The budget that Bush is to recommend to Congress will call for eliminating or reducing 141 programs, for a savings of $14.5 billion, across a broad swath of federal agencies, according to administration and congressional officials who have had access to budget documents. Wide-ranging as they are, those cuts pale in comparison with the White House's attempt to carve money from Medicare, the first tangible result from a vow the president made in his State of the Union address last week to constrain the massive entitlement programs for the elderly and poor.

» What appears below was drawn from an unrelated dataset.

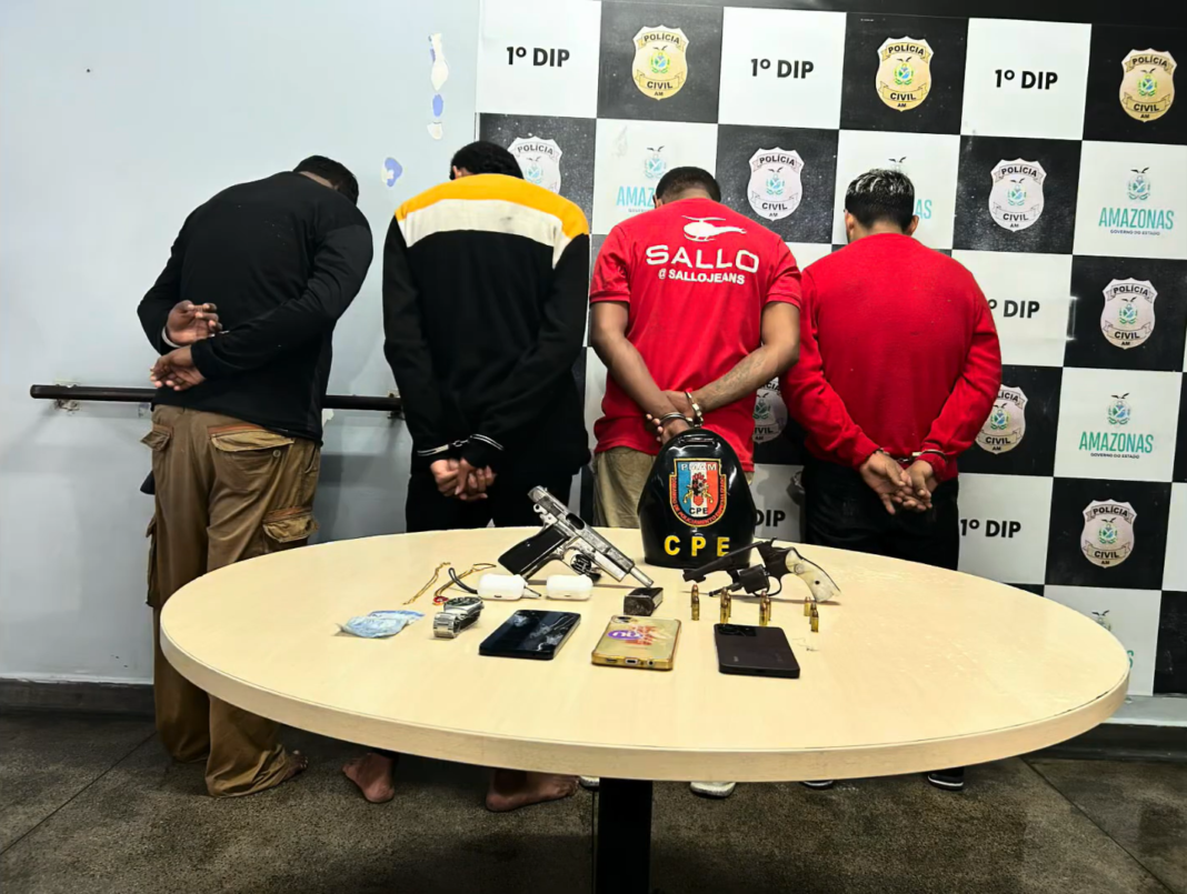 Os homens tentaram fugir pulando o muro da área de trás do estabelecimento. O quarteto e as armas de fogo, usadas para render e ameaçar os funcionários da loja, foram encaminhados ao 1º Distrito Integrado de Polícia (DIP).

In contrast, the president plans to recommend for the Department of Homeland Security an increase of at least 5 percent from this year's funding, $30.8 billion. The White House is also trying again to increase passengers' security fees for air travel from $2.50 per flight to $5, a proposal that Congress swiftly rejected last year.
The effort to curb Medicare spending by $36 billion by 2011 and by $105 billion a decade from now is a sharp turnabout for the administration. Last year, Bush said the health-insurance program that covers 41 million elderly and disabled people should be spared any cuts.
About $20 billion of the $36 billion would come from reducing automatic payment increases to hospitals and other institutional providers, such as ambulance services and skilled-nursing facilities, while the rest would be spread among other forms of care.
"The president's priority is to protect HMO and drug-company profits while shifting costs to beneficiaries and providers," Reid said Saturday. "Cutting funding for hospitals and other providers won't solve the health care crisis."